À l’aune du sprint, il convient également de communiquer les résultats aux participants afin de maintenir le niveau d’engagement créé lors de cette semaine de travail.
Un design sprint pour tous les projets ?
Si le design sprint peut s’appliquer à de nombreux projets, il ne peut satisfaire tous les objectifs. Ainsi, il n’est pas forcément indiqué pour prototyper une application de A à Z, pour créer un nouveau parcours utilisateur complexe, ou pour designer dans le vague, sans avoir identifié au préalable un périmètre précis. Et des projets de trop petite envergure ne se prêtent pas non plus à cet exercice.

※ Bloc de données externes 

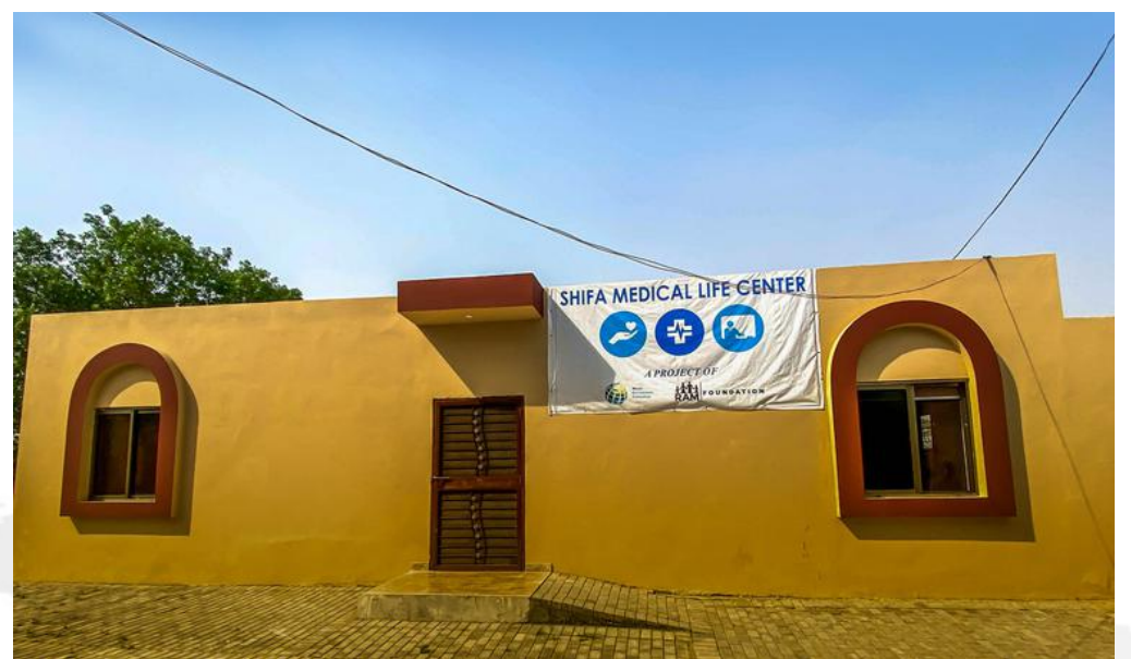
Medical Life Center completed.

World Compassion Fellowship began construction of a new Medical Life Center that would serve such minorities who end up in bondage, laboring for generations in the extreme heat and awful working conditions of brick kilns. The Life Center will be open to serve patients starting in 2022.

En revanche, la méthodologie est tout à fait pertinente pour explorer un nouveau concept dans le cadre d’un produit existant, par exemple. Il pourra aussi être indiqué pour imaginer et réaliser une nouvelle fonctionnalité d’application en cours de développement, pour optimiser un parcours utilisateur particulier, ou encore pour valider un design system.
La force du design sprint réside donc dans sa capacité à stimuler l’intelligence collective, favoriser l’émulation, récupérer rapidement des feedbacks en vue de décider de l’avenir d’un produit ou d’un service. Sa promesse est très intéressante et ambitieuse : une semaine pour prototyper une nouvelle expérience conçue et validée par des experts aux profils très différents réunis pendant 5 jours autour d’un objectif clairement défini et commun.
Initialement pensé pour travailler autour de problématiques digitales, le design sprint s’applique désormais à de nombreux secteurs, qu’il s’agisse d’étudier la faisabilité d’un projet, de participer à la conduite du changement, ou encore de déployer de nouveaux usages numériques.